Effects of applying compositions comprising different idebenone concentrations on human skin.

Skin samples from patients identified as patients 1, 2 and 3, were used for these experiments, and the following procedures were performed on them:

Breast skin was used in two patients (both women, aged 74 and 71, respectively) who would undergo a radical mastectomy and a simple mastectomy due to the presence of breast carcinoma and florid dysplasia.

The breast surface was divided into three similar surface territories 45 minutes before being taken to the operating room, and about 120 mg of cream containing 5% IDB were added in the first of these territories by means of gentle circular massaging until the cream was completely absorbed. The two remaining sections were treated similarly, using cream containing about 120 mg of cream containing 2.5% IDB and control cream. Once in the operating room, and prior to preparing the operating field, the breast surface was washed with 95° ethanol in order to remove possible excess cream.

Immediately after the operation (average surgical activity time: 45 minutes), about 4 cm2 of a skin section from each area was resected, identifying it correctly.

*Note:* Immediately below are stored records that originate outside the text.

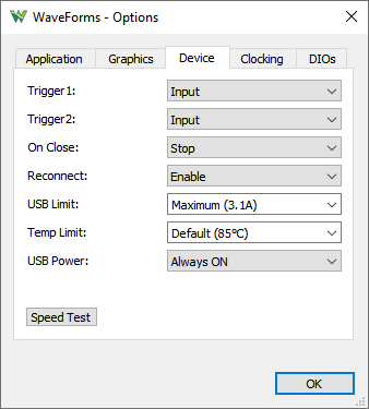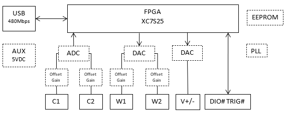 - The Wavegen channel outputs can be captured using in-device digital loopback or analog readback (of 8ms resolution) for the power supply channels.
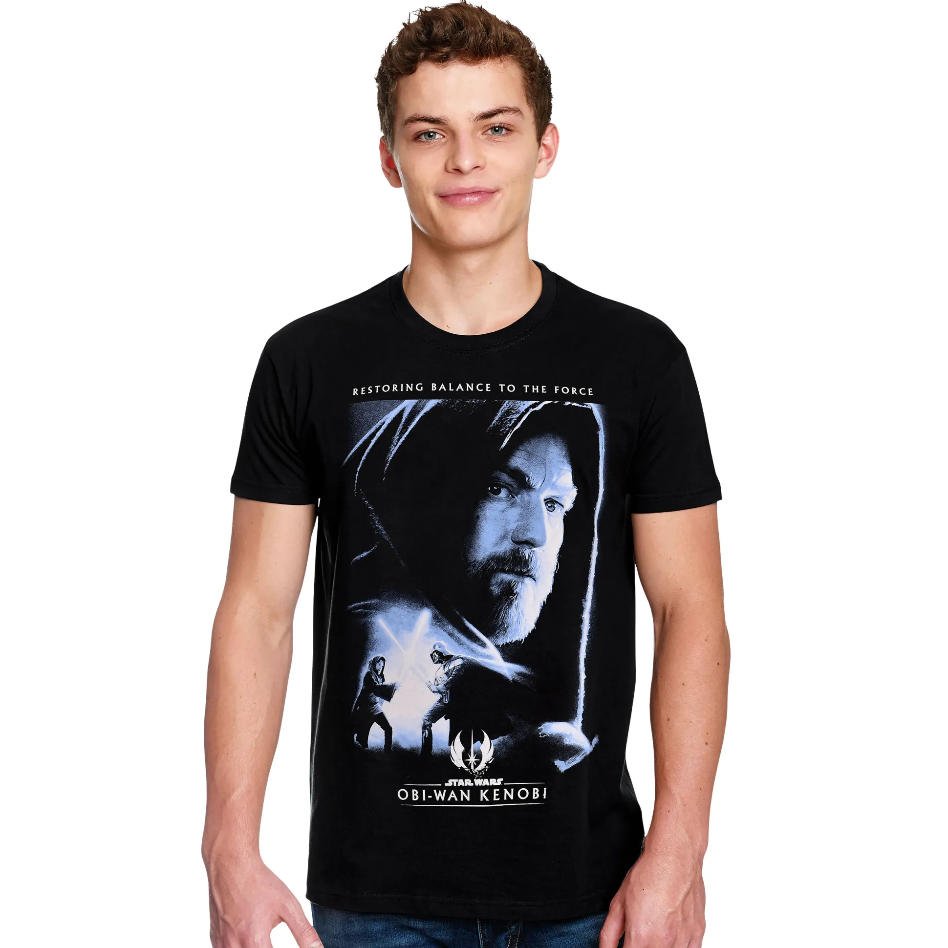 Breng balans in je kledingkast: Dit officieel gelicentieerde Star Wars T-shirt viert Obi-Wan Kenobi en zijn missie om de Kracht weer in balans te brengen. Een groot poster-ontwerp op de voorkant met Obi-Wan — inclusief “Restoring Balance to the Force” — knalt op diepzwart. De rechte pasvorm en de klassieke ronde hals zorgen voor dagelijks draagcomfort. Officiële merch, geen goedkope streken van de duistere kant. Of je nu aan het bingen bent of met de afstandsbediening duelleert: dit T-shirt is jouw hogere positie.
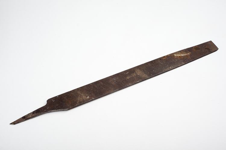 Turning Chisel made by Wiltshire, circa 1970 - 1990. It was found in a wire basket in Area B1 at Adolph Bruhn & Son's Wood Turners Shop, 283 Coventry Street, South Melbourne. The business was established by Adolph Bruhn circa 1893 in Little Collins Street, Melbourne. Upon his death in 1919 it was then operated by Adolph's son Sophus Christopher Bruhn. Upon Sophus's death in 1959 his son Sophus Walter Bruhn took over the business. In 1970 Sophus reduced the scale of the business and relocated to South Melbourne. The business closed upon Sophus's death in January 1990.
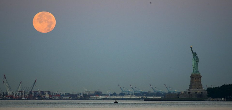 Mặt trăng xanh bên tượng Nữ thần tự do ở New York, 31/7/2015. Trăng xanh là lần trăng tròn thứ hai trong một tháng dương lịch.
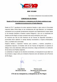 Desde la CTA Río Negro repudiamos los actos represivos llevados a cabo contra la comunidad mapuche Lafken Winkul Mapu en las inmediaciones del lago Mascardi.
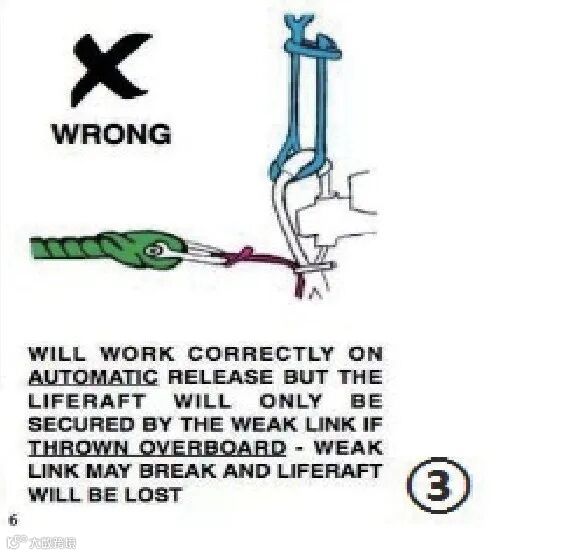 ③中,艏缆 (绿色) 通过卸扣与易断绳 (红色) 相连接,但并没有连接到静水压力释放器,这种连接方式在救生筏自动脱钩时能正常工作,但当需要手动脱钩时,由于救生筏的艏缆仅通过易断绳与船体连接,在救生筏被手动释放时可能由于易断绳的断裂导致救生筏漂走丢失。
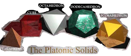 The 5 Platonic solids, Tetrahedron, Cube or (Hexahedron), Octahedron, Dodecahedron & Icosahedron, are ideal, primal models of crystal patterns that occur throughout the world of minerals in countless variations.

Once the section was resected, the subcutaneous adipose tissue was carefully removed so as to obtaining only epidermis and dermis.

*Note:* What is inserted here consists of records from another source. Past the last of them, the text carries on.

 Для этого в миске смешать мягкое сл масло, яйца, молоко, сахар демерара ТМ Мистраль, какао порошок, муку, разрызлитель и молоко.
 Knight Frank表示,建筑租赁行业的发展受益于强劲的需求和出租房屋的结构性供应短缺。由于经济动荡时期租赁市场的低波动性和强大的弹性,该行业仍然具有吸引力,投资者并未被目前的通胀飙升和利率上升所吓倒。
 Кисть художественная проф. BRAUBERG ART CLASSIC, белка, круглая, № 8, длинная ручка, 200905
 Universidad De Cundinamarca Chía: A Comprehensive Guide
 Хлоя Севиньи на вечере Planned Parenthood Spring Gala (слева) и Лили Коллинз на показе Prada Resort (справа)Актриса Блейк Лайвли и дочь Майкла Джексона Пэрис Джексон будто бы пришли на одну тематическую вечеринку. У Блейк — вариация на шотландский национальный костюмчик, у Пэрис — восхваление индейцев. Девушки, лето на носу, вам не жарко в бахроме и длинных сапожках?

The breast skin of a patient (female, 54 years of age) who was going to undergo a radical mastectomy due to the presence of a breast carcinoma was used.

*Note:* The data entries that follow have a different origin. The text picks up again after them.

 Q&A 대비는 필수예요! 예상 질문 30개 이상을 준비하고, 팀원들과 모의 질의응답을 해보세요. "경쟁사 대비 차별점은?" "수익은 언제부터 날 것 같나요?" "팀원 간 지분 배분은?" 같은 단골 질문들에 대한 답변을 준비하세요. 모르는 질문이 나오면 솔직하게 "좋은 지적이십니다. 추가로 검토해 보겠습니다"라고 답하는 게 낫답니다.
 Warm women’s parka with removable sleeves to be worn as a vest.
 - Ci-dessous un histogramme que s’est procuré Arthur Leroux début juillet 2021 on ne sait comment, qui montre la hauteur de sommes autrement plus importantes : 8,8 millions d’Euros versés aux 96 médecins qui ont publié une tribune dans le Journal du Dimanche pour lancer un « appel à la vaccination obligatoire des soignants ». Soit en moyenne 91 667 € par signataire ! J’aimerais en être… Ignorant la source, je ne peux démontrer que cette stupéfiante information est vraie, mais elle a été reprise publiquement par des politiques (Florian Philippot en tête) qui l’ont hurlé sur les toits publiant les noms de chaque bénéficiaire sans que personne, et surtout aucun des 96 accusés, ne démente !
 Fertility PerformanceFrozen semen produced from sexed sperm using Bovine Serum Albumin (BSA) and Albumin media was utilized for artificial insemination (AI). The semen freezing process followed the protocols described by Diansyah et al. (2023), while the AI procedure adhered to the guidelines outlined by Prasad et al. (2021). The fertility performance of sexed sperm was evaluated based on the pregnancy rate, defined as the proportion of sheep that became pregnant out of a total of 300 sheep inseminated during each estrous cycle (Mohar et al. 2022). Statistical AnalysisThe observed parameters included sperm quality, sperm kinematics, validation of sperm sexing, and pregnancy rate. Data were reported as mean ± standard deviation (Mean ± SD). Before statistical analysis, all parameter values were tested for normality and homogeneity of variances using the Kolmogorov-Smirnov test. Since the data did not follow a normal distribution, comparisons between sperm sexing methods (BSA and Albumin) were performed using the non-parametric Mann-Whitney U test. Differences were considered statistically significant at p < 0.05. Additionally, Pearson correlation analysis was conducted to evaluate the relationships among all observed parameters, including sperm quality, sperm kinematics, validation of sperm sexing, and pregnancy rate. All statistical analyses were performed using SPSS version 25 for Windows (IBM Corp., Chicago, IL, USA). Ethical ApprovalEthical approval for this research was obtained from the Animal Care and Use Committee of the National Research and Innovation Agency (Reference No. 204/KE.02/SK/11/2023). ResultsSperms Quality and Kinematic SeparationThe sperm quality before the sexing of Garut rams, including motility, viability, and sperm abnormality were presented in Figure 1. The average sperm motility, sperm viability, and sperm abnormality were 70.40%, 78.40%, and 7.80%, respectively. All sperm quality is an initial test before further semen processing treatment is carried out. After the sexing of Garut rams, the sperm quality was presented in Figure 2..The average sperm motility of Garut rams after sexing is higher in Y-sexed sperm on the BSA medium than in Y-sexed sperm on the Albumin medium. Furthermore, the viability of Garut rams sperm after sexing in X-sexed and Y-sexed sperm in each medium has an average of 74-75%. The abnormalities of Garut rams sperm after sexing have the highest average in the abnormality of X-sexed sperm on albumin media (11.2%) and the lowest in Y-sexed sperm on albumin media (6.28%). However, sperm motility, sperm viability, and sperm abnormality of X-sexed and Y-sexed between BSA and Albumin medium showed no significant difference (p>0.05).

The breast surface was divided into three similar surface territories 45 minutes before being taken to the operating room, and about 120 mg of cream containing 5% IDB were added in the first of these territories by means of gentle circular massaging until the cream was completely absorbed. The two remaining sections were treated similarly, using cream containing about 120 mg of cream containing 0.5% IDB and control cream. Once in the operating room, and prior to preparing the operating field, the breast surface was washed with 95° ethanol in order to remove possible excess cream.

Immediately after the operation (average surgical activity time: 45 minutes), about 4 cm2 of a skin section from each area was resected, identifying it correctly. Once the section was resected, the subcutaneous adipose tissue was carefully removed so as to obtaining only epidermis and dermis.

The effect of applying creams containing 0.5%, 2.5% and 5% of idebenone on the morphology and morphometry of the different cutaneous layers, of the blood vessels of the dermal plexus, and on HSP expression was studied on the skin samples of patients 1, 2 and 3 as a manner of evaluating the epidermal response to a possible deleterious effect of the creams.

The skin sections treated with creams containing IDB and with control cream were fixed in formol solution, were included in paraffin and colored with histological staining techniques by means of hematoxylin and eosin, Schorr, Giemsa, and toluidine blue.

Morphometry: The epidermal thickness, horny layer, papillary dermis, reticular dermis and dermal plexus capillary diameters were measured in the histological cuts.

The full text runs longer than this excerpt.